Reverse Mortgages

What is a Loan Term?

In the world of home mortgages, the word “term” indicates the life of a loan, or how long it lasts. Common loan terms are 30 years and 15 years. However, reverse mortgages do not have terms. They last for as long as the homeowners remain in the home and come due and payable only after you leave the home, sell the home, or pass away.

What is the Right to Rescind?

With a conventional mortgage, the deal is done immediately after closing. However, reverse mortgages can be confusing, and many borrowers have had second thoughts.

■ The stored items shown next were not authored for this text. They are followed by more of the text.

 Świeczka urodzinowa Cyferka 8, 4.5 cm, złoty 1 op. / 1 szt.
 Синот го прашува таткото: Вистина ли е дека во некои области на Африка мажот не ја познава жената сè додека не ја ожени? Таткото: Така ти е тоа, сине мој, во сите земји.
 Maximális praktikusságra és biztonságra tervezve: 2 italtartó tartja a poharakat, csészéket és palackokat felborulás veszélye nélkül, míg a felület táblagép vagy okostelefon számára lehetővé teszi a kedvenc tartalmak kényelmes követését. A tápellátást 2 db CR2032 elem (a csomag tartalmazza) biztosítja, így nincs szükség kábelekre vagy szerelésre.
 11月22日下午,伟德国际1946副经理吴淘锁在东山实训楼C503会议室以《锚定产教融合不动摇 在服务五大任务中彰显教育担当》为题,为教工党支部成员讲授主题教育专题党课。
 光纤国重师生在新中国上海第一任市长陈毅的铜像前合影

The FHA now requires a three-day waiting period, or cooling off period, called the right to rescind period.

What is a Reverse Mortgage Lender?

A reverse mortgage lender is any lender that is approved to offer FHA HECM loans. Not all lenders in the US are authorized to participate, and not all who could be authorized choose to enroll. It is a voluntary program.

What is a Reverse Mortgage?

A reverse mortgage allows you to obtain a loan after your home has been paid off, or to pay off a small remaining mortgage balance. You are able to live in the home and maintain ownership of it, but do not have to make any payments on the loan until it comes due.

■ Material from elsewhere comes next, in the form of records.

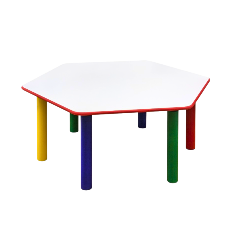 Der sechseckige Tisch für Kinder verfügt über eine besondere Struktur, die Robustheit, Sicherheit und attraktives Design vereint und sich perfekt für die Schule, die Freizeit und das Zuhause eignet.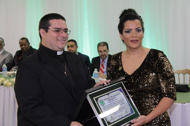 A vereadora Alexandra Moreira de Carvalho Gomes entregou o mesmo título ao padre Marcus Vinicius Moreira Falcão, que em 2013 assumiu a Igreja Matriz de Nossa Senhora do Desterro. “Minha família de sangue não pode estar nesta noite, mas vejo aqui a família que Deus me deu, sendo representada pelos meus queridos paroquianos. Sinto-me um verdadeiro pigmeu diante de tantas autoridades. Muito obrigado a minha querida Alexandra e a todos os conterrâneos quissamaenses”, disse o padre.
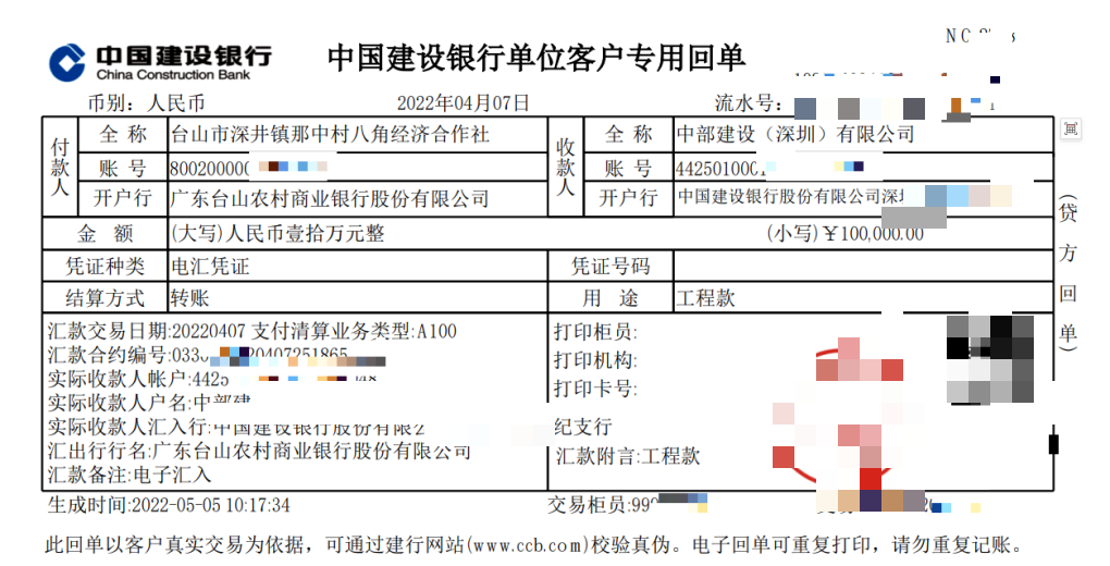 (部分入账回单,当事人提供)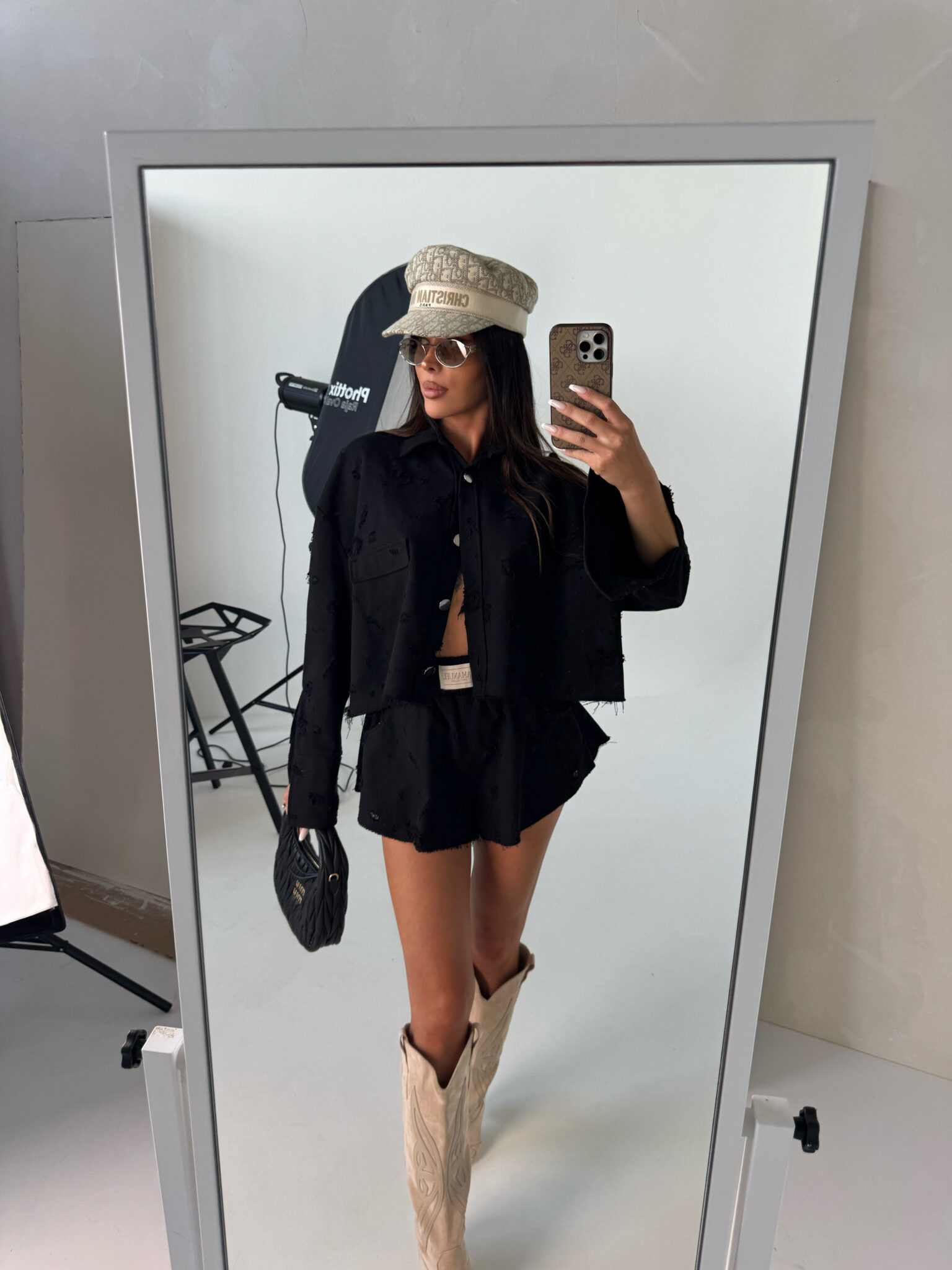 Casualowe szorty z elastycznym pasem, które łączą wygodę z wyrazistym charakterem. Wykonane z miękkiego, ale trwałego denimu z nieregularnymi przetarciami i postarzanym wykończeniem. Surowo cięty dół dodaje lekkości i swobody, a tylna naszywka z logo LAMANUEL podkreśla ich charakter premium. Idealne do letnich stylizacji – zarówno solo, jak i jako część zestawu z kurtką z tej samej tkaniny.Skład: 100% bawełna

What is a Mortgage Insurance Premium (MIP)?

With an adjustable rate reverse mortgage, you can choose to have the lender pay your funds in monthly installments. You can choose to have monthly payments for a set period of time, or you can choose to receive set monthly payments for the rest of your time in the home.

What is a Lifetime Expectancy Set Aside (LESA)?

A lifetime expectancy set aside, or LESA, is an amount of money set aside at the beginning of a loan based on your anticipated life expectancy and ongoing expenses regarding the property. This money could be used to pay for property taxes, for homeowner’s insurance premiums, for homeowner’s association dues, maintenance on the home and more.